Well, a prison is only a prison if you can't get out. And now, corsets are the exception rather than the rule. So if we choose to embrace it, we delight at our own peril. Moreover, to some, the decision to wear the corset or to indulge in any other semi-uncomfortable practice may not be as painful as it seems, especially if one's vision of the pros outweigh the cons.

Nevertheless, what are the benefits of wearing corsets, waxing, or undergoing aesthetic surgeries? Looking cute? Feeling good? Is that enough of a valid *reason* for women to have permission to do something that may disagree with traditional notions of feminist political correctness?

It may appear that many of our popular indulgences including corsets, fad dieting, hair plucking, plastic and cosmetic surgery, dermabrasion, and tattooing are mind-bogglingly unnecessary. Moreover, it may be true that we do what we do because of residual lopsided power dynamics. In which case, it can be less than empowering to embrace an external hourglass rather than our own authentic forms.

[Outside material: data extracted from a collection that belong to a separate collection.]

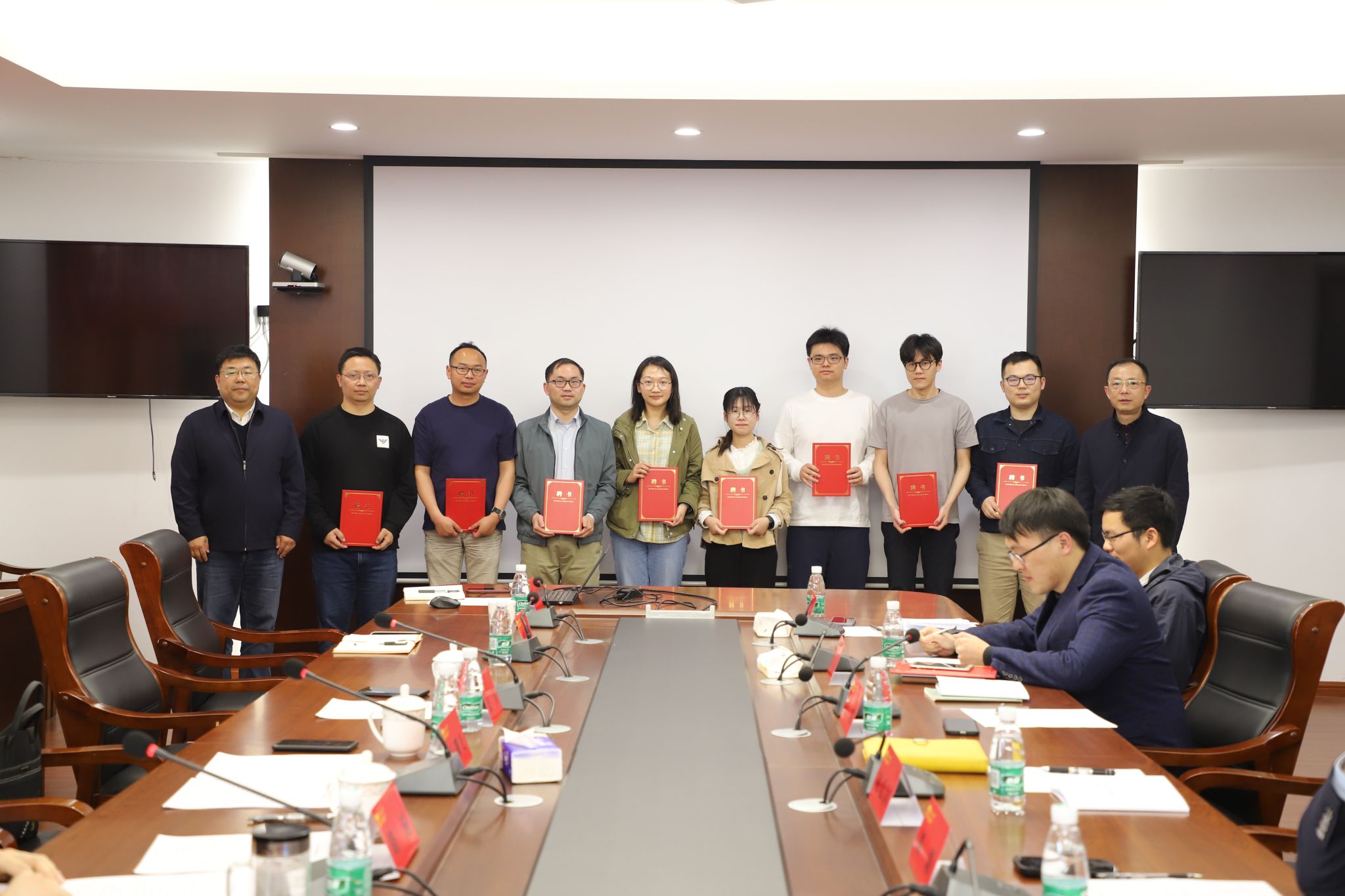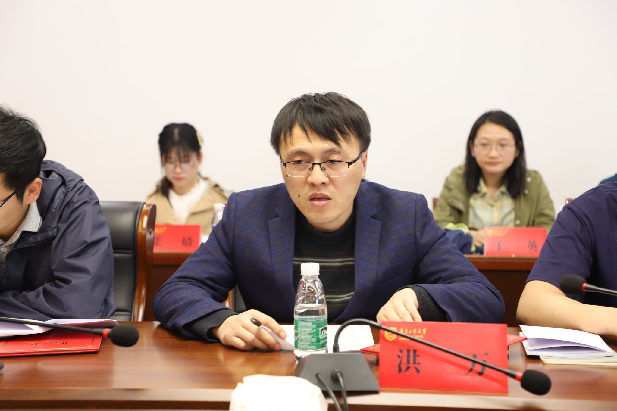 张涛书记致辞并从“四个方面下功夫”强调了班导师的工作职责和工作重心,王曙光处长宣读《关于聘任赵爱国等16名教师担任本科生班导师的决定》,王曙光处长、张涛书记共同为16位新任班导师颁发聘书。随后,班导师代表洪万、刘聪和吴彪结合带班情况依次交流工作心得,表示要与辅导员队伍协同合作、同频共振,共同为学生思政引领和成长成才服务。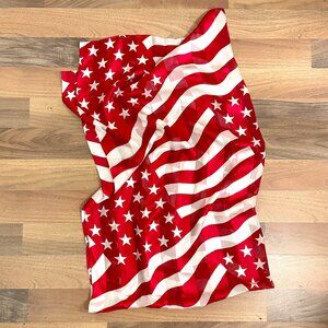 Rock your patriotic stars and stripes in red and white with this scarf. Makers tag and fiber content tags have been removed. Feels like silk or a silk blend, but we don't know for sure. Pair this up with a suffragette white shirt and you have got a true American look.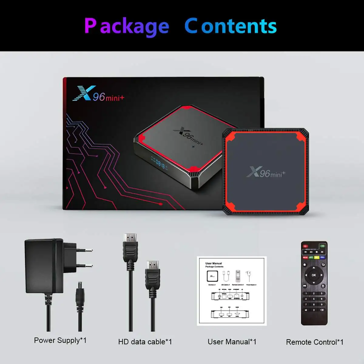 Посылка входит1 x ТВ-приставка1 х пульт дистанционного управления1 х кабель1 х адаптер питания1 x руководство на английском языке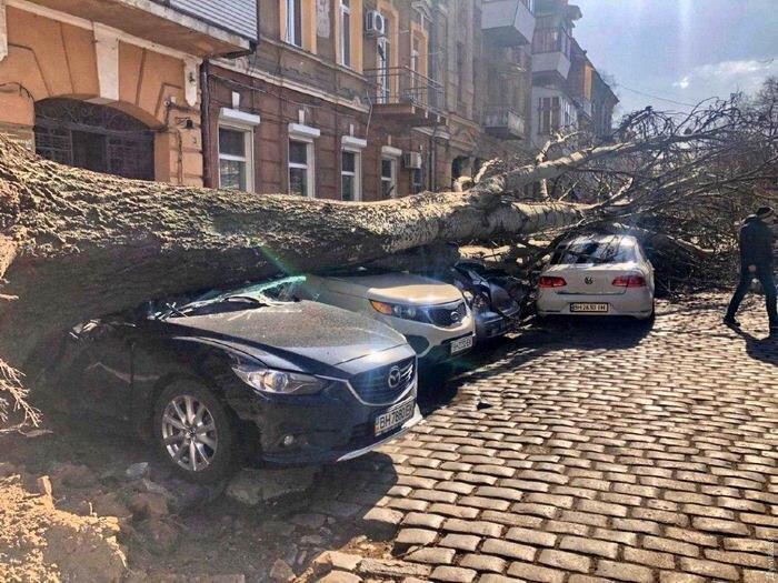 Бывший народный депутат Игорь Мосийчук опубликовал в своем Telegram-канале фото деревьев, упавших в Одессе прямо на автомобили.

Luckily for women and men, we are increasingly empowered to choose our own identities, our own appearances, and... our own prisons.

Blessedly, one does not actually need to suffer to be beautiful anymore, as evidenced by curious fashion trends that emphasize messy unkempt hair or the rounded belly appearance of the empire waist. Possibly because of globalization and maybe because humans are easily bored, we tend to expand our interests, oftentimes in the direction of what we hope is progress. Consequently, we now have so many flavors of beauty that corsets -- fun, painful, or both -- may only be involved at the discretion of the wearer.